Although I saw some interesting restaurants, I didn’t feel like changing into dry clothes, nor like leaving the dog in the car again. I went to a co-op grocer on the town’s west side which had organic carry-out meals and took a salmon dinner back to the bNb with me.

“Who do you think the doctor is that Gertrude Perec was protecting from my scar-picking?” I asked Peppy when we were in our room and dry again.

Peppy didn’t bother to look up from the peanut-butter bone I’d bought her, not for a question which could only be answered by consulting a medium. I tried texting Cady, to ask if she’d tell me the doctor’s name, but she said her grandmother would know I’d gotten it from her and she didn’t want to cause any more domestic friction.

Was Cady afraid of her grandmother? Probably a little, but maybe protecting her, too. I didn’t really need to know—I was grasping at straws, after all, looking for clues about Emerald Ferring at a protest camp that had disappeared almost thirty-five years ago. Anyway, it’s pretty much impossible to persuade someone via text to tell you something they want to keep to themselves.

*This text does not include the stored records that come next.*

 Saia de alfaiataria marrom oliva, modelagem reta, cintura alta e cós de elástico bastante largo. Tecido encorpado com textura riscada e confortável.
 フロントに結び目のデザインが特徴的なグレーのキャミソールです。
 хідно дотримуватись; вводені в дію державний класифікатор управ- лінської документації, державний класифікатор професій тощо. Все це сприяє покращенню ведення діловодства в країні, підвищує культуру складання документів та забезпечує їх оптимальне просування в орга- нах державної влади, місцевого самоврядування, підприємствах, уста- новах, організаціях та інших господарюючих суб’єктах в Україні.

Time I dealt with my inbox. Predictably, I had several urgent messages from Bernie Fouchard, wanting to know why I hadn’t been in touch and where was August??? Since she’d already texted me four times today, I wrote a snarky reply, then deleted it: no reason to take out my frustrations over my lack of progress on the young hockey player. I wrote jointly to her and Angela, her basketball playing friend: It’s a slow business, and I’m having trouble picking up a thread in a strange town, so hang tight for a few more days, okay?

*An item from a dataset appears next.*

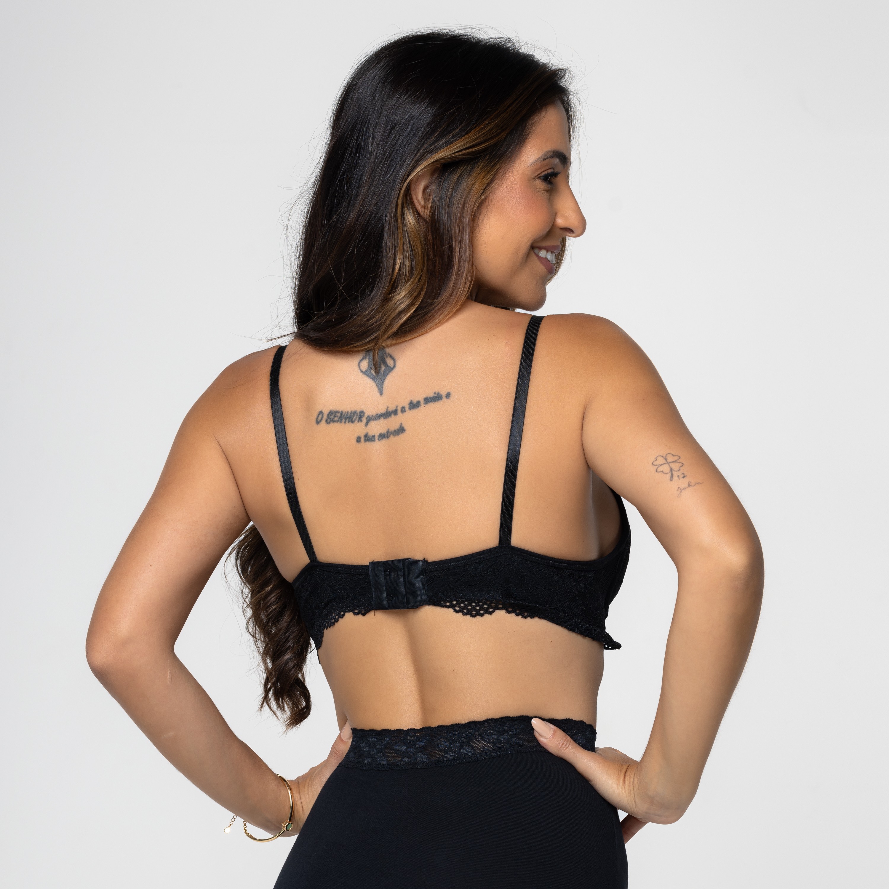 Sutiã com bojo flexível sem aro em renda na cor preta

One thing I’d like someone on the ground in Chicago to do was canvas August’s neighbors in the evening, when people would be home from work, but that was a job for the Streeter brothers, not two impetuous young athletes. I sent Tim Streeter a long email, with the details of what I wanted, and then turned to the hardest message, the no-progress report to the client, Troy Hempel.

For help with that, I poured myself a generous shot of Johnnie Walker while I explained to Troy what I’d done and who I would talk to in the morning.

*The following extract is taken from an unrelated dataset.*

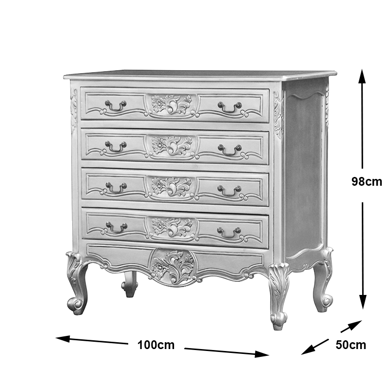 • Fine hand carved detail and ornate brass handles in the Louis XV style.

If the churches and her childhood home prove dead ends, I could retrace the road back to Ft. Riley, to see if anything happened to Emerald Ferring and August Veriden on the way. It’s eighty miles with a number of small towns and might take several days to cover. My opinion—it’s a needle in a haystack, but if you want me to do it, I’m game. Let me know.

When I’d finished that, I started working through my in-box—seventy-three new emails since this morning, including, of course, the piercing bleats from politicians and Nigerian princes, desperate for two hundred or even just five dollars, whatever I could spare, the situation is dire.

Mr. Contreras had written a chatty message from St. Croix, filled with good will and the endearing typos of a hunt-and-pecker. I wrote back, mostly highlights from my visit to Ft. Riley, which a veteran of Anzio would care about, and included a photo that Dr. Dan had sent from Wisconsin of our dog Mitch stalking a chipmunk.

I’d written Jake Thibaut this morning before my visit to the Lawrence Police Department, when it had been 3 p.m. in Basel. It was 3 a.m. there now and he hadn’t had time to fit in a response.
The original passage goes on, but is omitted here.